Personal information
- Born: James Orville Browning March 31, 1903 Verona, Missouri, U.S.
- Died: June 19, 1936 (aged 33) Rochester, Minnesota, U.S.
- Cause of death: Pulmonary embolism

Professional wrestling career
- Ring name(s): Jim Browning Young Stecher
- Billed height: 6 ft 2 in (188 cm)
- Billed weight: 225 lb (102 kg)
- Debut: 1923
- Retired: February 1936

= Jim Browning (wrestler) =

American professional wrestler

James Orville Browning (March 31, 1903 – June 19, 1936) was an American professional wrestler.

== Professional wrestling career ==
Browning was raised on a farm in Missouri. After working in construction and on oil fields, Browning made his debut in professional wrestling in 1923. he went on to work in many territories in the United States and Canada, feuding with wrestlers such as Jim Londos, Joe Stecher, and Ed "Strangler" Lewis. He was managed by Frank Smith.

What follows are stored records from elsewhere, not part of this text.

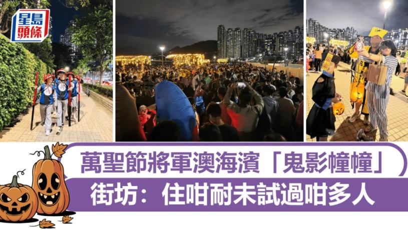 萬聖節月黑風高夜將軍澳海濱「鬼影幢幢」,清兵、熱狗滿場飛,連道士也湊熱鬧來捉鬼。海濱長廊昨日(10月31日)晚上人頭湧湧,虛冚程度不輸農曆年花市。街坊形容今年情況誇張,有人坦言「我住將軍澳咁耐從來未試過咁多人」。詳情見下圖及下文:
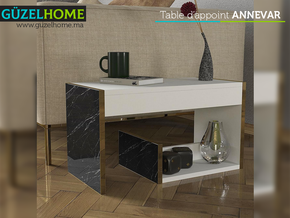 Table d'appoint ANNEVAR - Blanc, Effet Marbre et Doré
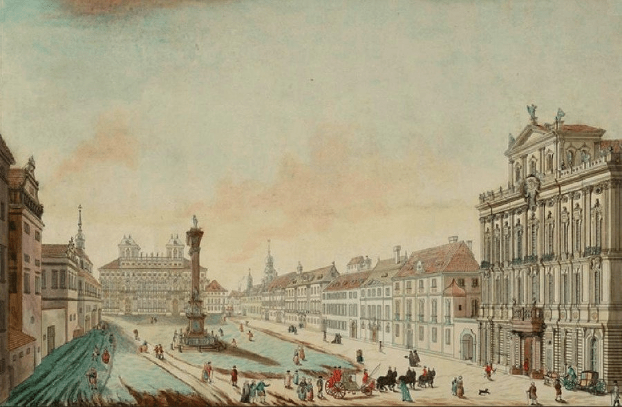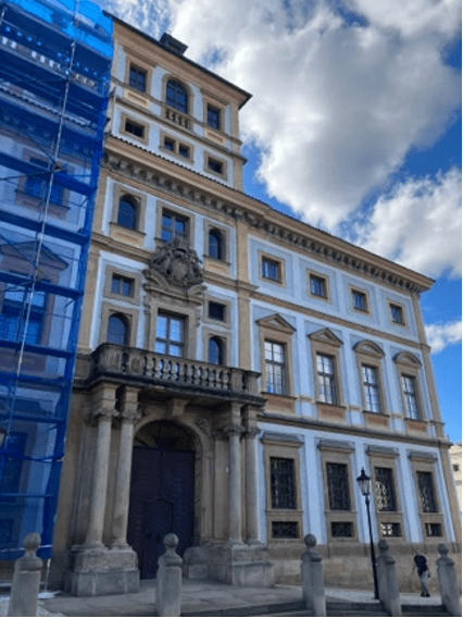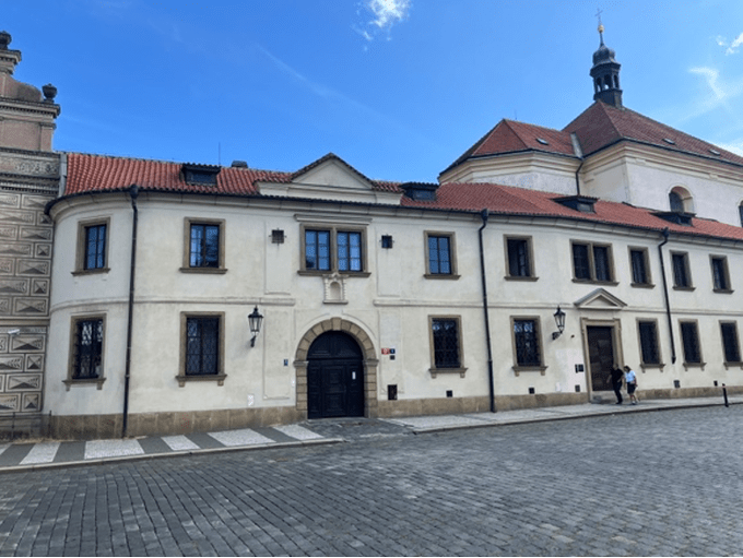 Šternberský palác, whose construction ended in 1707, is used by the National Gallery, having hosted exhibitions of the National Museum as early as 1821. Former inhabitants include Václav Hanka (https://whatsinapraguestreetname.com/2024/08/22/prague-2-day-91-lumirova/).

On February 20, 1933, Browning defeated Ed "Strangler" Lewis for the New York State Athletic Commission World Heavyweight Championship in Madison Square Gardens with an airplane scissors hold. He held the championship for 490 days, during which time he drew large crowds. On June 25, 1934, Browning dropped the title to Jim Londos.

Browning retired from wrestling in February 1936 due to ill health (trachoma, an ulcerated stomach, and liver problems).

== Death ==
Browning died on June 25, 1936, at the age of 33 from a pulmonary embolism resulting from abdominal surgery.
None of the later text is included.